In May of 1954, no fewer than nine new Tu-16 bombers were featured in a Moscow flyover in Red Square festivities - officially marking the unveiling of the advanced bomber.
The Badger-A codename covered several Tu-16 operational marks: Tu-16A, Tu-16Z, Tu-16G, Tu-16N, Tu-16T, Tu-16S, and Tu-16Ye.
The Tu-16A was modified to carry nuclear war loads and production reached 453 units before the end. The Tu-16Z was modified to serve as an aerial tanker but retained their combat profiles. The Tu-16G was a specially-developed mailplane and crew trainer while the Tu-16N of 1963 was another tanker form and carried a "probe-and-drogue" fuel delivery system. The Tu-16T was utilized in the torpedo bomber role with the Soviet Navy and could carry an armament load out consisting of aerial torpedoes, depth charges, and naval mines as needed - some 26 were built to the standard. The Tu-16S was used in the Search-and-Rescue (SAR) role and the Tu-16Ye in the Electronic Warfare (EW) / ELectronic INTelligence (ELINT) roles.

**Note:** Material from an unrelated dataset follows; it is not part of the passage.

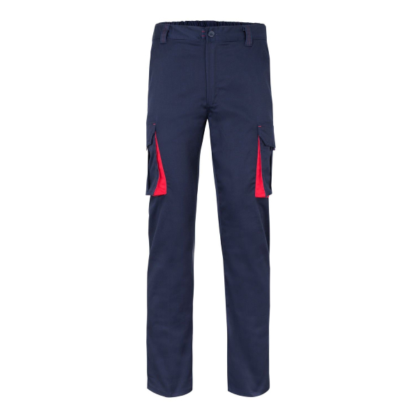 Pantalón para hombre, confeccionado en tejido de algodón ripstop elástico ligero, con elásticos laterales y trabillas en la cintura, cierre con cremallera y botón de metal, dos bolsillos delanteros de corte clásico, dos bolsillos laterales con tapeta y botones a presión, un bolsillo con cremallera en la parte izquierda, un soporte para metro retráctil a la derecha, dos bolsillos traseros de ribete con ojal y botón.

Next came the Tu-16KS in late 1954 to form the "Badger-B" variant. These were equipped to carry air-to-surface missiles primarily for the anti-ship role. One hundred seven examples were built from 1954 until 1958 and these were operated under the banner of the Soviet Navy for their time in the air. Additionally, both Egypt and Indonesia purchased the type.
The Tu-16K-10, or "Badger-C", also served the Soviet Navy and was, again, outfitted with anti-ship missile armament but now a radar system was installed in the nose section - considerably expanding the lethality of the bomber. Some 216 were produced from 1958 until 1963.
The Tu-16RM-1 (the "Badger-D") was built in 23 examples and used in the ELINT maritime patrol role. It was armed through missiles and also carried radar in its nose section. The Tu-6R (the "Badger-E") was a dedicated maritime reconnaissance platform complete with ELINT equipment and support for missiles. Sub-variants of the R-model were the KSR-2 missile-armed Tu-16RM-2 and Tu-16KRM target drone carrier.
The Tu-16K and Tu-16K SR fell under the NATO codename of "Badger-G" and operated as maritime reconnaissance bombers and missile carriers. Sub-variants were the Tu-16K SR-2, Tu-16K-11-16, Tu-16K-26, and Tu-16K-26P. All appeared during the 1960s and the G-models were regarded as the "definitive" Badgers.
The Tu-16 "Elka" ("Badger-H") and used in the dedicated EW / ECM roles. The Tu-16P "Buket" followed in a similar role and was known to NATO as "Badger-J". Another ELINT model became the Tu-16Ye "Badger-K" form. The Tu-16P was a modernized ELINT model and recognized as "Badger-L".